Both the Merck/Schering and Pfizer/Wyeth deals were driven by a desire to cut costs and take capacity out of an over-supplied industry.
Similar overcapacity also exist among European companies, with AstraZeneca Plc and Sanofi the most obvious examples, according to UBS analyst Gbola Amusa.
"Sanofi and AstraZeneca still have a lot of excess capacity and I would expect that at some stage in the future we would see somewhat sizeable deals from both of them," he said.
But investors hoping AstraZeneca -- a perennial rumored takeover target -- will be sold at a juicy premium may be disappointed as long as uncertainty remains over patent protection for its key cholesterol drug Crestor.

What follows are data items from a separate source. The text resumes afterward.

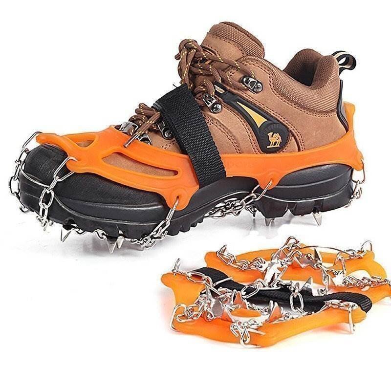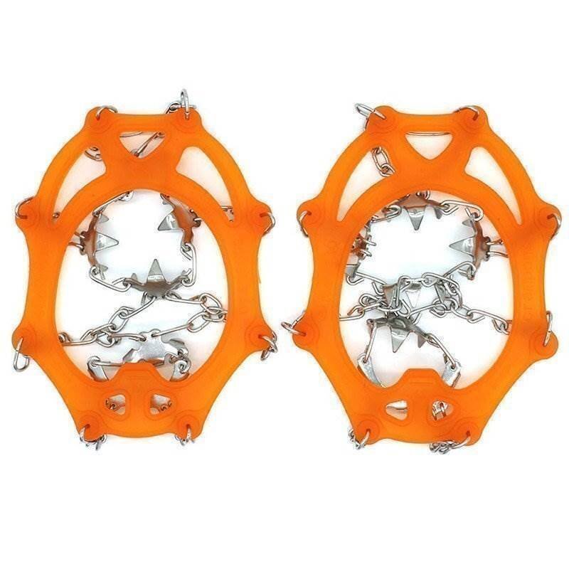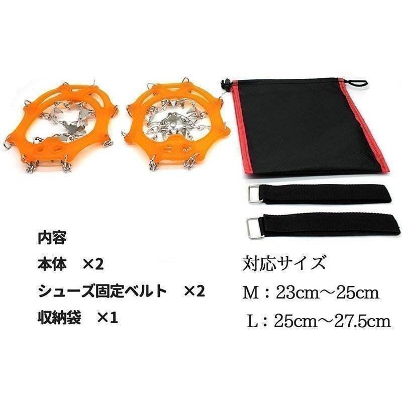 送料0円 スノースパイク [オレンジ] [M] アイゼン 18本爪 アイススパイク 転倒防止 凍結 滑り止め 靴底 雪山 登山 通勤 通学 収納袋付
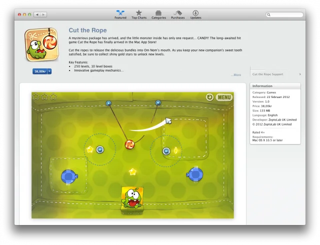 Har du lust att sabba produktiviteten totalt? Då kanske Mac-versionen av Cut the Rope, känt från just din iPhone, är något för dig. 38 kr på Mac App Store, 133 MB tungt och säkerligen livsfarligt att installera. Jag låter bli.
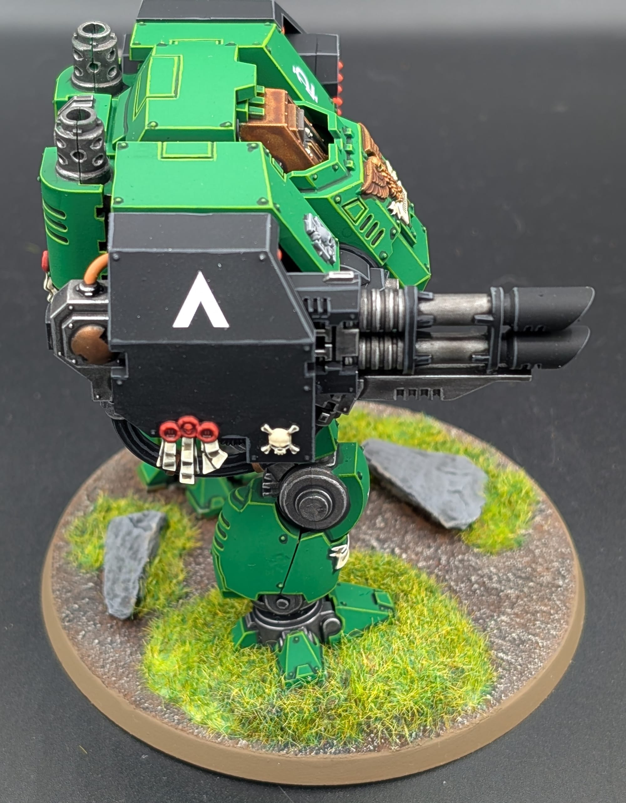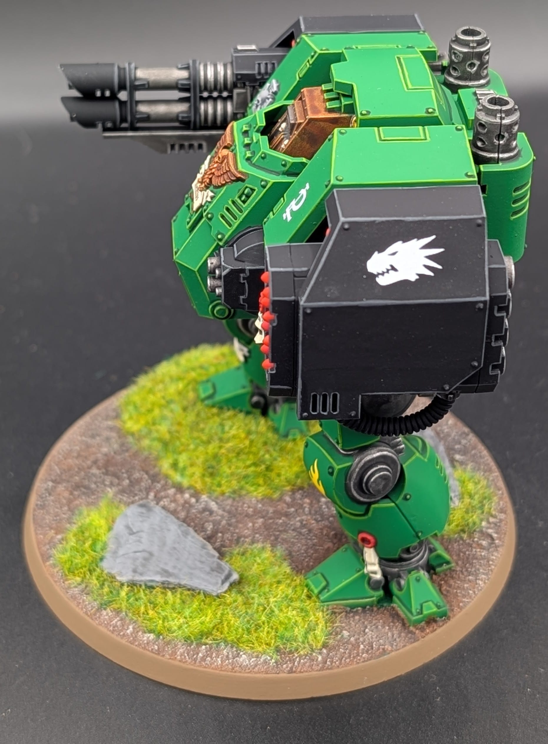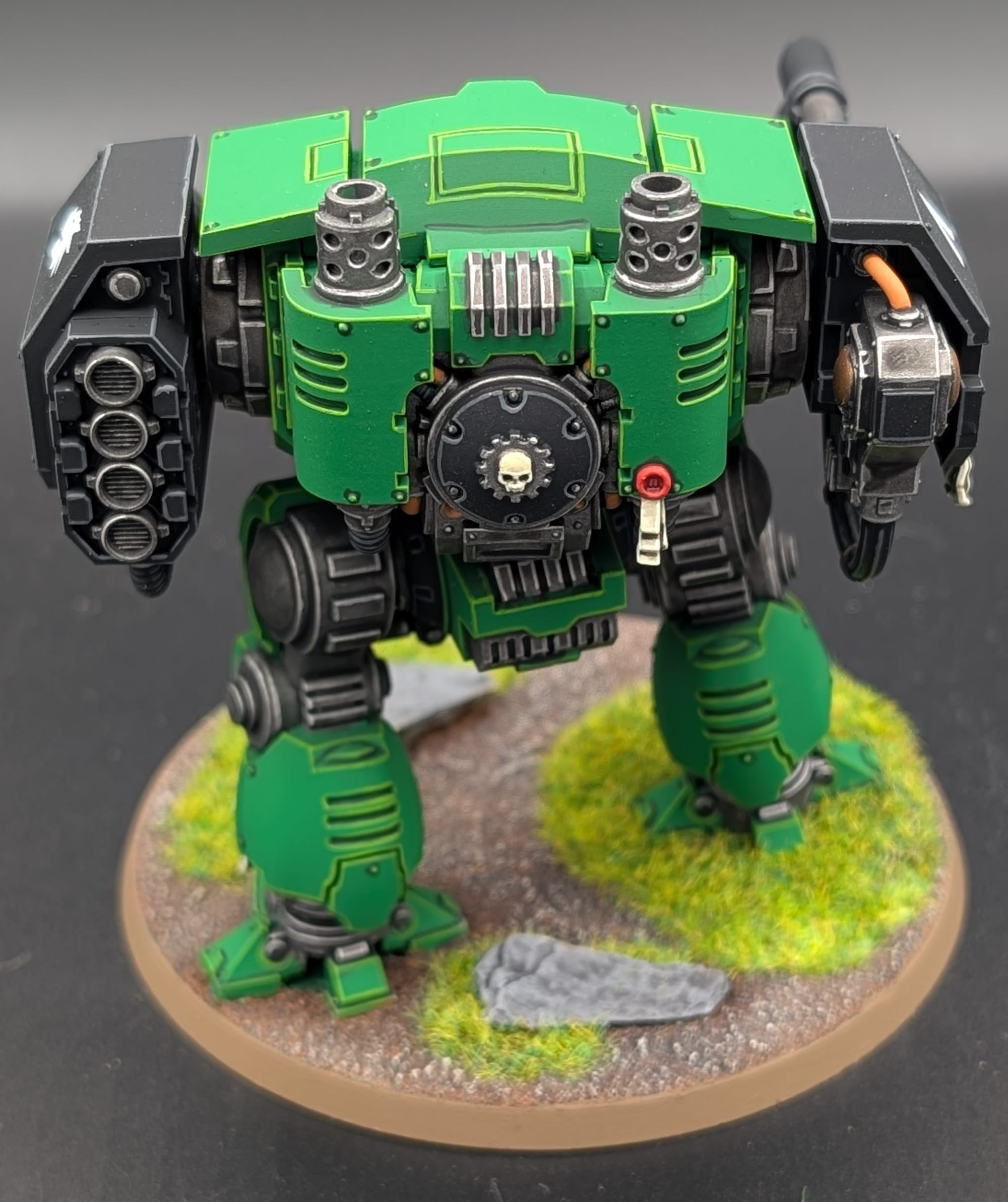 Compared to my first dreadnought that was all green with no exceptions, this chap has blocked out shoulder pads. This succeeds in two things - it makes him visually distinct, and it allows for my opponents to point at him and kill him without confusing him with his green brother.
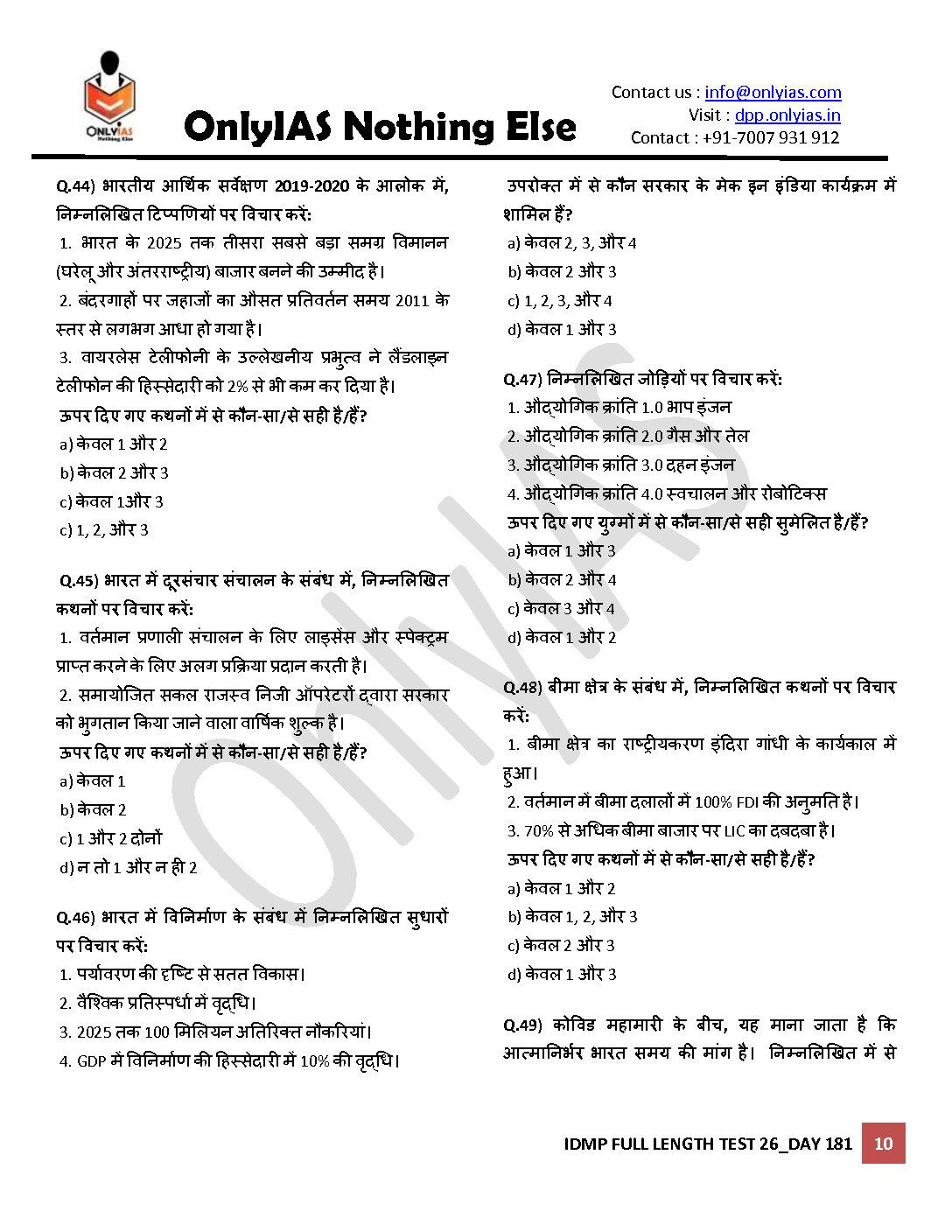 / ONLY IAS HINDI 2022 IDMP TEST-26 (अर्थशास्त्र) HINDI MEDIUM –(BLACK & WHITE)

"Any CEO who bought AstraZeneca and later lost Crestor in 2010 would also probably lose their job, and that is enough of a poison pill to prevent Astra from being bought," Amusa said.
Instead, he saw AstraZeneca itself moving to do an acquisition, with mid-sized specialty drugmaker Shire Plc a possible target.
One obvious takeover candidate left on the shelf by the latest deal-making is Bristol-Myers Squibb Co, probably the subject of more takeover rumors in recent years than any other drug company.
It has deals with both AstraZeneca, on two experimental diabetes drugs, and Sanofi, on blood thinner Plavix. But it could well prove too big a bite for similar-sized AstraZeneca, while Sanofi has made clear its partnership is sufficient for now.